Straightening, face still flushed and mottled from being upside down, Helen swiveled on the bench and stared at her. “You okay, Mary Mary?”

“Been a rough day since morning,” Mary said, “but I’m all right.”

“Killed his mother is what I said.”

“Who?”

“The guy that murdered the dancers in New Orleans and Seattle. That’s why the two women looked something alike. They find this guy, I betcha dollars to doughnuts it turns out his mother was the same type as his victims. He hates her but he’s scared shitless of her, so he murders other women as a sort of symbolic gesture of his contempt. Kills her over and over again. That’s the way it works.”

“Sounds like talk-show psychology,” Mary said. Her gaze shifted to the office door, waiting for Mel to emerge so her lesson could begin. Waltz music was floating from the big Bose speakers, and tall Lisa and her instructor were gliding over the floor. Lisa did an elegant
develope
, holding the count and extending her pointed foot gracefully as she slowly raised and lowered her long, long leg.

“It’s a known fact mass murderers do that kinda thing because of their mothers,” Helen explained. “Like Ted Bundy and Son of Sam.”

“I don’t remember reading about them hating their mothers.”

“Well, you gotta admit they couldn’t have had a healthy relationship with old mom, or they wouldn’t have felt the way they did about women.”

Trapped, Mary had to agree. But she said, “The police aren’t even positive the same man killed both dancers.”

“Yeah, they are,” Mary said knowledgeably, “they’re just not clueing in the public. And can you blame them? You know how the news media is—jackals with microphones and typewriters. They’d make an investigation, then a trial, impossible. Cops are smarter’n a lotta people think, and in a case like this they use something called VICAP. I read about it in a magazine just this morning, part of a list of things where America still leads the rest of the world.”

“Vicap? Sounds like a cold medicine.”

“Stands for Violent Criminal Apprehension Program,” Helen said smugly. “It’s a central storehouse of information about crimes and criminals all over the country, so a computer can pick up similarities in them and print them out and the police can know about matching M.O.s—that means Method of Operation. So when those two women were killed, the cops’ computer linked up with VICAP and showed they were both humped by the killer after they were dead. See, that’s the common denominator in the two crimes, and you can bet there’s others they’re keeping secret. Other things that were done to those poor gals.”

“Why wouldn’t the computer point out the fact both women were ballroom dancers? The police don’t seem very interested in that.”

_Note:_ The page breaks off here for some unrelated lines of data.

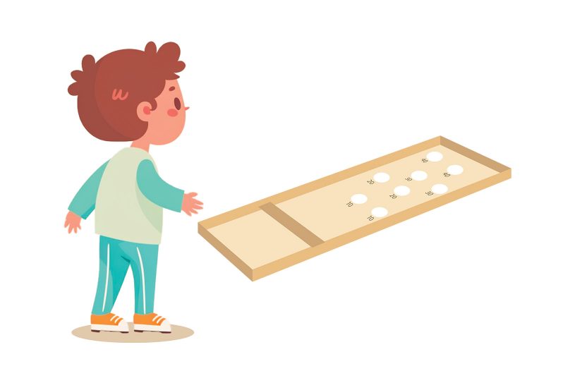 Le but : Les enfants doivent faire glisser une balle et la faire tomber dans un des trous à l’aide de baguettes qui rapportera des points.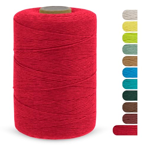 CAMAL Fil Macramé Simple Brin, Corde Macramé 1 mm Fil Coton 390m, Simple Brin Torsadé Ficelle de Macramé Coton a Crocheter pour Suspension Murale, Sac à Main, Panier (Rouge)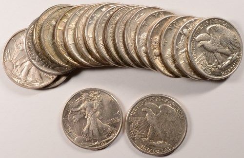 ONE ROLL ( 20 ) COINS MIXED DATE, AU WALKING LIBERTY HALF DOLLARS 1947 & OLDER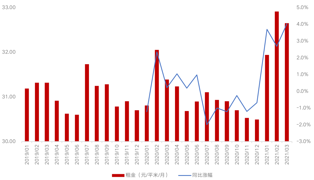 這使得春節期間租賃房源較為緊缺,1-2月租金較去年年底提升顯著,1月環比提高4.76%,2月環比上升3.04%。到了3月,租金稍有下降,但同比去年仍有所上漲,增幅4%。

“Probably they’re not interested because that’s not the sort of information they’d feed a computer about a murder victim in the first place, that she knew how to dance. Or that she competed. Big deal. To them the only ballroom dancing’s the kind that goes on at proms or country clubs. They wouldn’t figure it’d matter anymore’n if she played racquetball or liked sour cream on her potato. The similarity’s not in the main data bank, so the cops disregard it. Cops think like that, you know.”

Mary didn’t know, but everyone else seemed to have a handle on how the police operated.

Still sitting down, she bent forward and slipped her street high heels into her dance bag. She saw on the carpet the scuffed toes of a man’s black leather dance shoes, and looked up at Mel.

He was smiling down at her, so young, gentle, anything but threatening.